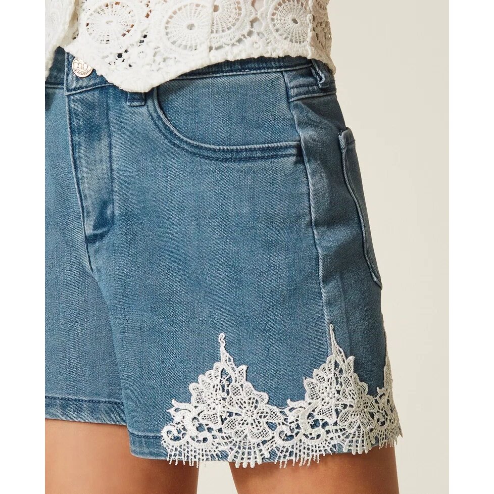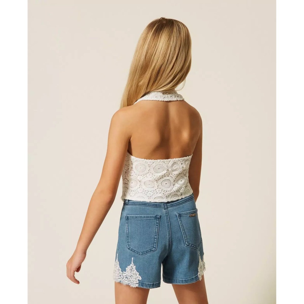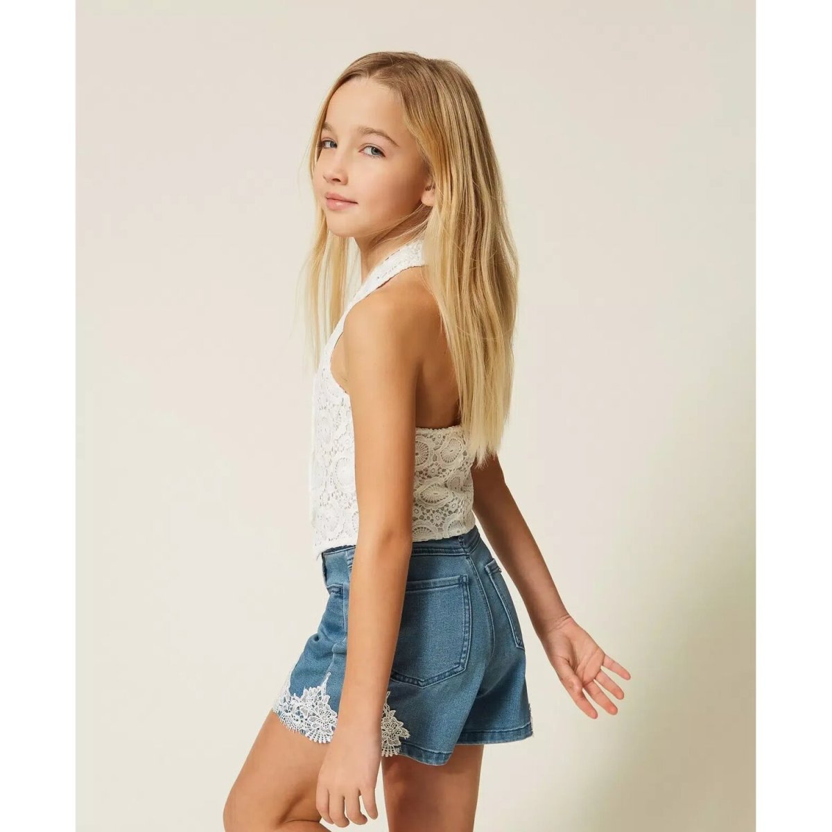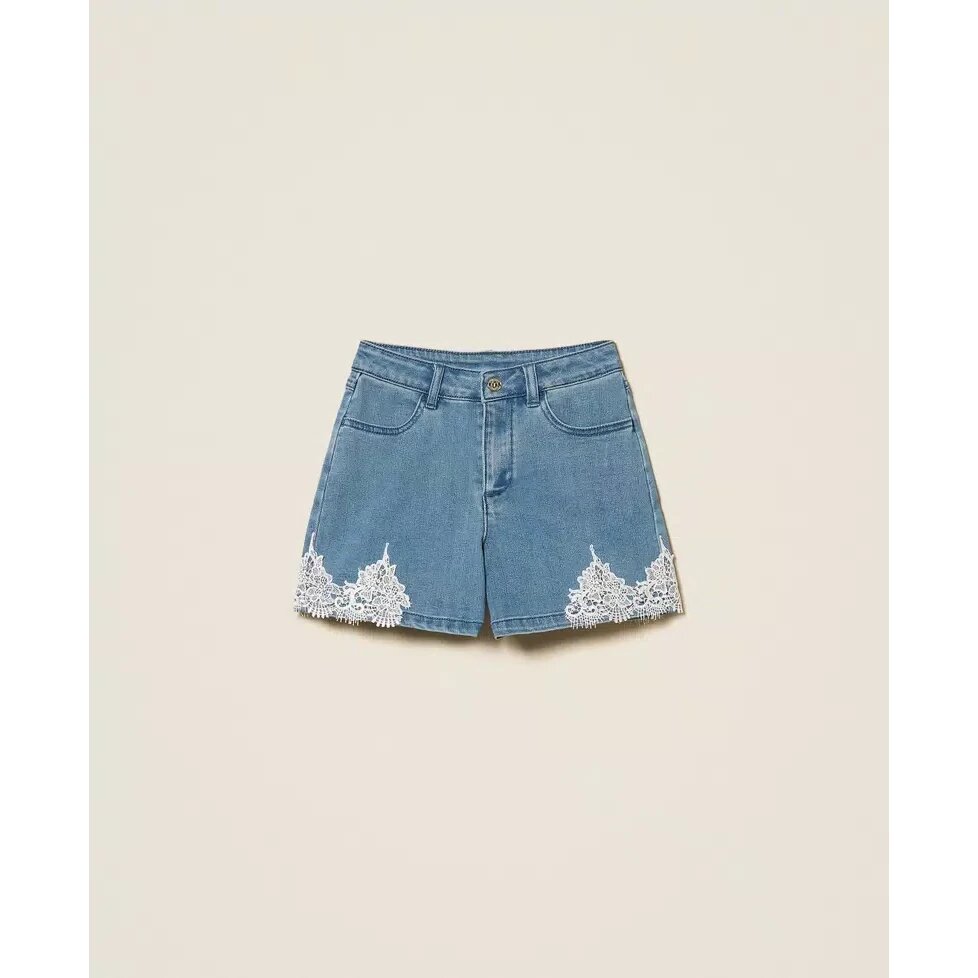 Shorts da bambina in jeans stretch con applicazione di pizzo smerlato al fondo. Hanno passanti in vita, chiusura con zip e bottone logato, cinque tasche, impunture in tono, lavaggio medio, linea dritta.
※
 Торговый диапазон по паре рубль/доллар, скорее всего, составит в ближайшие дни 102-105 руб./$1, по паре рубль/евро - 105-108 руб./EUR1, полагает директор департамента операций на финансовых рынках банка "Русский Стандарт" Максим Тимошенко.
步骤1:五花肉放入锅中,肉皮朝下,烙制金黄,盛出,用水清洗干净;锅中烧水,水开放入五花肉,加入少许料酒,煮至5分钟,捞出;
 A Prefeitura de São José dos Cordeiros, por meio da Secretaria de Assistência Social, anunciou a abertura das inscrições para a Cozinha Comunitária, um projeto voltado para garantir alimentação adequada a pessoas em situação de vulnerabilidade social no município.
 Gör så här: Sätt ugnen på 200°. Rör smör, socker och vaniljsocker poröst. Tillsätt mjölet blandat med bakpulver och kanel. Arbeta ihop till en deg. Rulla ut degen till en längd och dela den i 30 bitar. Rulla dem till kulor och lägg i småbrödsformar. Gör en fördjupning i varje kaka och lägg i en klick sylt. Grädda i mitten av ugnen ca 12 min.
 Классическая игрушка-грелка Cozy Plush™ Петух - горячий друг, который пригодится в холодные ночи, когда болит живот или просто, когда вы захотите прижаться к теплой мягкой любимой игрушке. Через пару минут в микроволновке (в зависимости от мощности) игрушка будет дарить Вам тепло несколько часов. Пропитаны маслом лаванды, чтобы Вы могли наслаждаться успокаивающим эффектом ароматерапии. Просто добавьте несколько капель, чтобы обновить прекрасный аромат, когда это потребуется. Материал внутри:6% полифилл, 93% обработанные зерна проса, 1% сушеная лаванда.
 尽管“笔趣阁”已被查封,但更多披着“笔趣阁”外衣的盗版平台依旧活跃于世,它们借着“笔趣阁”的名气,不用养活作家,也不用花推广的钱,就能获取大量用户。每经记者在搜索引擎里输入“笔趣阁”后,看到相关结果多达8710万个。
※
Reproduce verbatim the lines above, from the line with "步骤1:五花肉放入锅中,肉皮" through the line with "Классическая игрушка-грелка Cozy".

步骤1:五花肉放入锅中,肉皮朝下,烙制金黄,盛出,用水清洗干净;锅中烧水,水开放入五花肉,加入少许料酒,煮至5分钟,捞出;
 A Prefeitura de São José dos Cordeiros, por meio da Secretaria de Assistência Social, anunciou a abertura das inscrições para a Cozinha Comunitária, um projeto voltado para garantir alimentação adequada a pessoas em situação de vulnerabilidade social no município.
 Gör så här: Sätt ugnen på 200°. Rör smör, socker och vaniljsocker poröst. Tillsätt mjölet blandat med bakpulver och kanel. Arbeta ihop till en deg. Rulla ut degen till en längd och dela den i 30 bitar. Rulla dem till kulor och lägg i småbrödsformar. Gör en fördjupning i varje kaka och lägg i en klick sylt. Grädda i mitten av ugnen ca 12 min.
 Классическая игрушка-грелка Cozy Plush™ Петух - горячий друг, который пригодится в холодные ночи, когда болит живот или просто, когда вы захотите прижаться к теплой мягкой любимой игрушке. Через пару минут в микроволновке (в зависимости от мощности) игрушка будет дарить Вам тепло несколько часов. Пропитаны маслом лаванды, чтобы Вы могли наслаждаться успокаивающим эффектом ароматерапии. Просто добавьте несколько капель, чтобы обновить прекрасный аромат, когда это потребуется. Материал внутри:6% полифилл, 93% обработанные зерна проса, 1% сушеная лаванда.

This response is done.